See also my decimal regex answer. I feel that this unary version is more interesting, especially since unary is like a native integer data format for regex, whereas decimal is like passing an integer as a string, but it's definitely worth presenting decimal versions as well.

FRACTRAN, 15 fractions, 83 (or 32) bytes

This beats Sp3000's 38-fraction solution.

$$\frac25,\frac{875}{88},\frac78,\frac{25{\cdot}17^c}{92},\frac14,\frac{15}{38},\frac{69}{2},\frac{23}{17},\frac{19}{3^b},\frac43,\frac{7}{23},\frac{26}{19},\frac{11}{7^c},\frac{1}{91},\frac{8}{11}$$

The initial state is \$3^n\cdot 13\cdot 23\$. It halts at \$1\$ if every digit in the base-\$b\$ representation of \$n\$ occurs fewer than \$c\$ times, and at some other value otherwise.
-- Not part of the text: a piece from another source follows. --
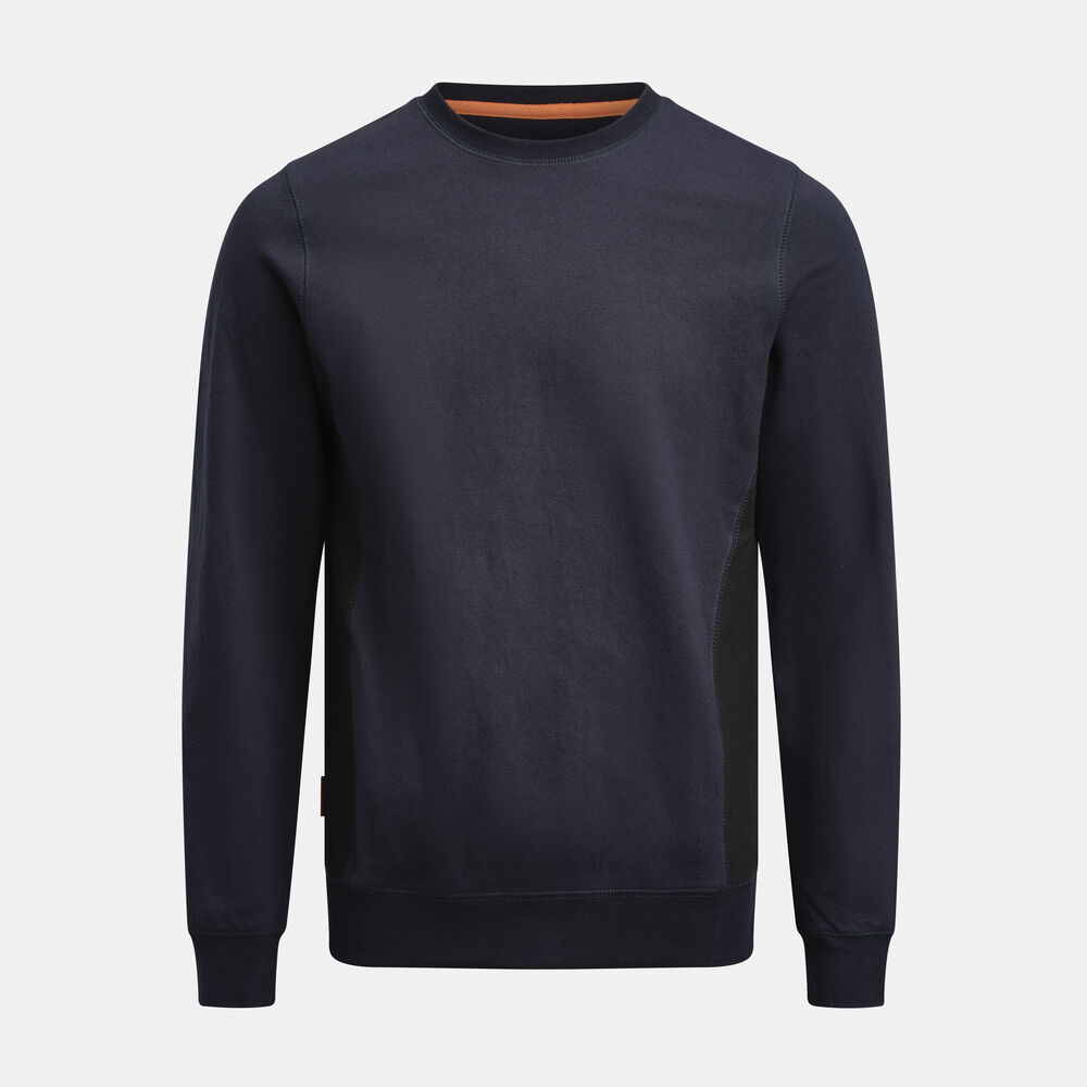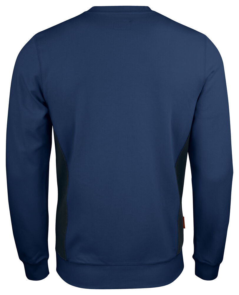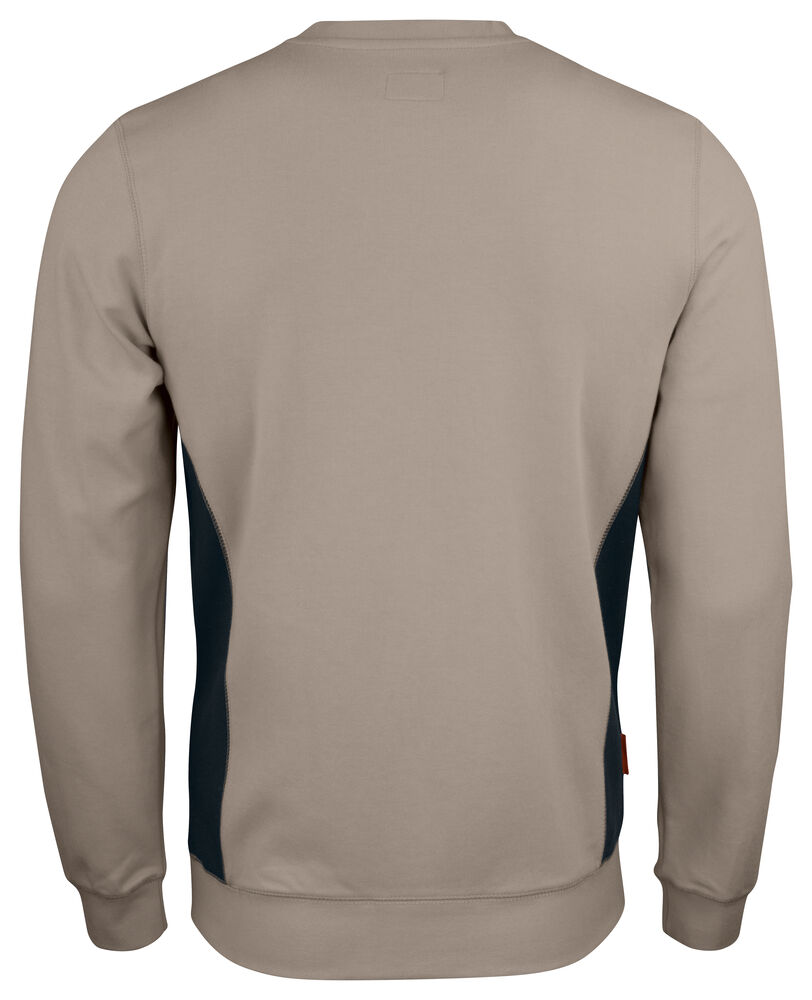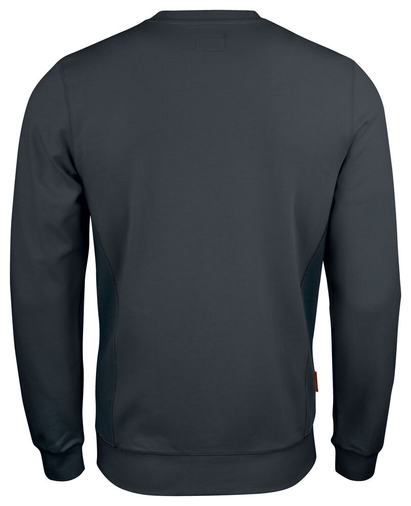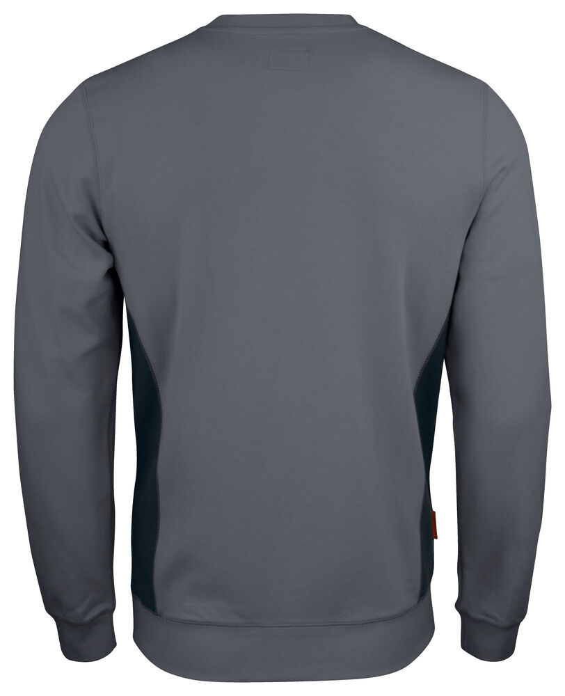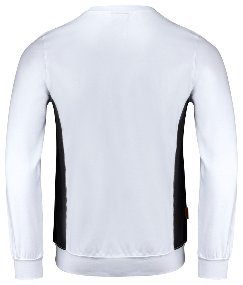 Genser med rund hals i doubleface-materiale. Elastikk nederst på kroppen og på ermene. Kontrastpanel i siden.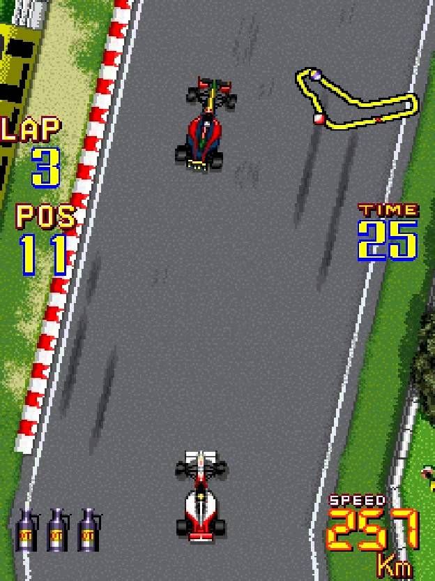 C’erano anche i tunnel da attraversare e si doveva fare attenzione anche alle pozzanghere. E c’erano anche dei rudimentali saliscendi che complicavano ancor di più il compito del giocatore dando anche un senso di realismo mai raggiunto, per ovvi motivi, prima. Visuale in terza persona dall’alto con sprite delle monoposto molto piccoli ma già più definiti rispetto al passato. Una vera e propria pietra miliare dei retro racing games arcade.

Plug in \$b=10, c=2\$ to get the answer to the challenge as posed.

The final state is actually \$13^{k - \mathrm{wt}_c\left(\sum c^{d_i}\right)}\$, where \$d_1\cdots d_k\$ are the base-\$b\$ digits of \$n\$, and \$\mathrm{wt}_c\$ is the base-\$c\$ digit sum. Adding a power of \$c\$ increases the digit sum by \$1\$ if there is no carry, and doesn't increase it if there is a carry, so the final state is \$1\$ iff each digit occurs fewer than \$c\$ times.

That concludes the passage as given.